▶ RECORDED DATA
----

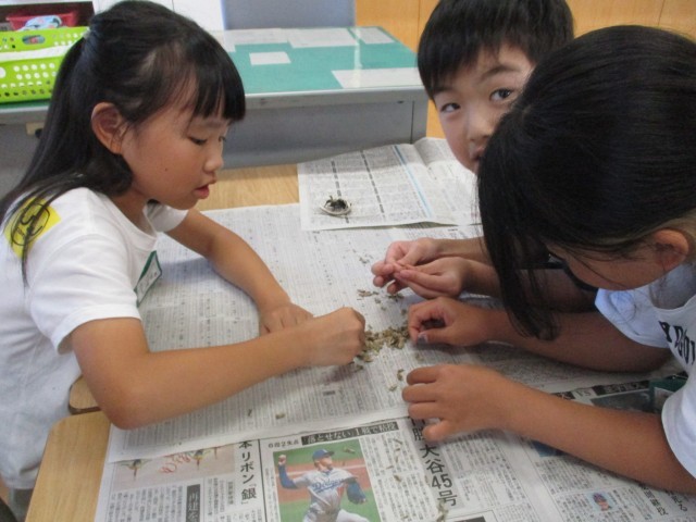 3年生は、理科の学習で、春から育ててきたヒマワリの種の数をグループで数えました。「家で育てているヒマワリも大きく育ったよ」「予想よりもたくさんとれてうれしい」などと言いながら活動しました。
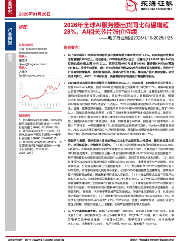 【东海证券】【202601】2026年全球AI服务器出货同比有望增超 28%,A I相关芯片涨价持续-15页
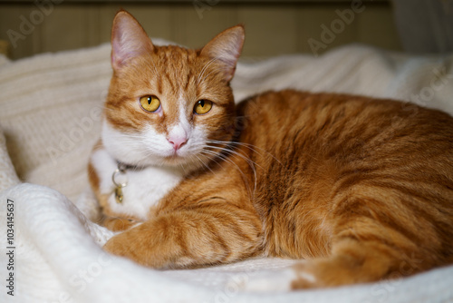 A ginger cat lies gently wrapped in a soft knitted blanket. The photograph radiates coziness, calm and warmth, perfectly conveying the atmosphere of home comfort and serenity.
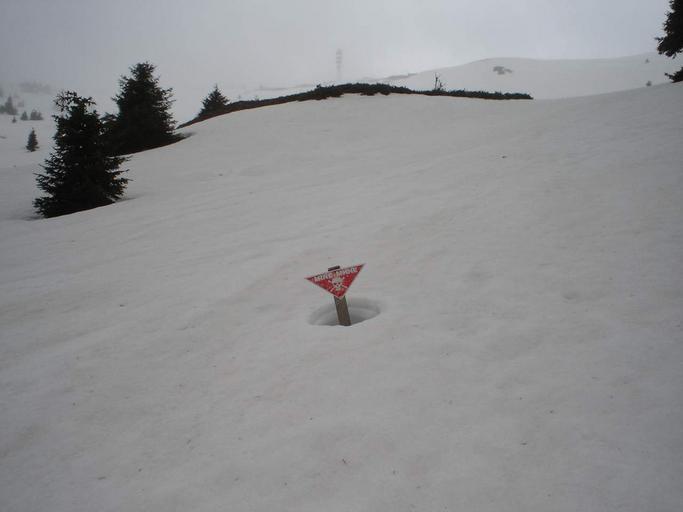 Keywords: Kop mine mines.jpg MINES warning sign about NATO cluster bombs near ski slopes Picture taken in spring 2006 CrniBombarder Kopaonik 1999 NATO bombing of Yugoslavia Cluster bombs
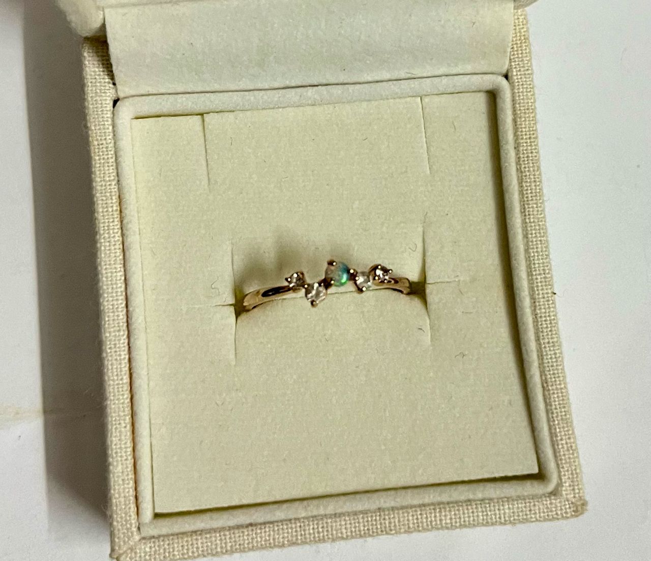 2.10K黃金蛋白石加拓帕石戒指: 購買時戒圍8號,已修改過一次,目前戒圍9號。

----

▶ TASK DESCRIPTION
The records above should be written out exactly, and the images dropped.

▶ ANSWER SPACE
 3年生は、理科の学習で、春から育ててきたヒマワリの種の数をグループで数えました。「家で育てているヒマワリも大きく育ったよ」「予想よりもたくさんとれてうれしい」などと言いながら活動しました。
 【东海证券】【202601】2026年全球AI服务器出货同比有望增超 28%,A I相关芯片涨价持续-15页
 A ginger cat lies gently wrapped in a soft knitted blanket. The photograph radiates coziness, calm and warmth, perfectly conveying the atmosphere of home comfort and serenity.
 Keywords: Kop mine mines.jpg MINES warning sign about NATO cluster bombs near ski slopes Picture taken in spring 2006 CrniBombarder Kopaonik 1999 NATO bombing of Yugoslavia Cluster bombs
 2.10K黃金蛋白石加拓帕石戒指: 購買時戒圍8號,已修改過一次,目前戒圍9號。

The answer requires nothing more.